Reason for wanting human controlled vehicles = having someone to blame

There is another major issue, though. Imagine that your city has set up a network that allows autonomous vehicles to communicate with each other, and has established a set of automated traffic protocols such that all traffic lights in the city have been eliminated, but your car must use the network if it is inside the full-automation perimeter of the city.

You are riding down 8th, toward Trimble Ave, when suddenly your car comes to a stop for no reason. A car comes up 8th very fast, and a short while after that you car starts moving again – at least, until it stops again to give way to the phalanx of police cars going after the bank robbers in the one car, who had hacked the network to facilitate their escape.

Imagine how much trouble hackers could cause, with very little effort. A thing like mh370 could be carried out without even harming the perpetrator. The fact that tricking automated systems so far tends to be technically easier and more reliable than tricking a human seems a bit worrisome.

In terms of automation under normal operating conditions, flying is simple and features large margins for error, and driving is extremely complicated and typically features very narrow margins for error.

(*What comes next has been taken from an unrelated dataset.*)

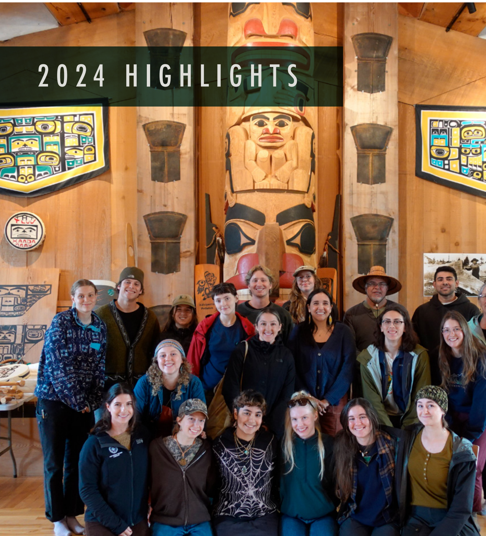
The '24 summer class visiting Tluu Xaada Naay Ocean People's House

The autoland feature on commercial aircraft sounds impressive, with its ability to safely bring a widebody aircraft down on a runway in zero-visibility conditions with no aircrew intervention…but it’s really not. It’s flying a straight line, guided by an ILS beam and a radar altimeter. It’s not trying to “see” the flying environment, and it doesn’t have to interpret complex 3-dimensional visual/radar data to identify the positions, speeds, and intents of mobile and stationary objects. It doesn’t have to deal with cross traffic, pedestrians, animals, potholes, curves, road construction, questionable traction, distracted drivers in other vehicles, disabled vehicles in the middle of the road, traffic lights that may or may not be working, half-worn painted lane markings (or lane markings completely obscured by snow/ice), or road debris. And as already noted, even on auto-piloted aircraft there’s still a meat-based pilot keeping an eye on things, ready to intervene if the autopilot starts behaving erratically, and problems are likely to be identified while there’s still adequate time for successful pilot intervention. Autonomous-car advocates are propelling us toward SAE level 4 or level 5 automation, in which vehicle occupants are not expected to maintain any kind of vigilance.

Incidents like this one in which an Uber test car struck/killed a pedestrian are the reason I’m wary of riding in an autonomous vehicle. You get lulled into complacency and then a situation comes up that requires human intervention, but margins are so tight that by the time a meat-based driver recognizes that there’s a problem coming up that the autodriver isn’t dealing with (e.g. we’re about to hit a pedestrian, or we’re about to submarine under a semi trailer at 60 MPH), there’s no longer enough time to act.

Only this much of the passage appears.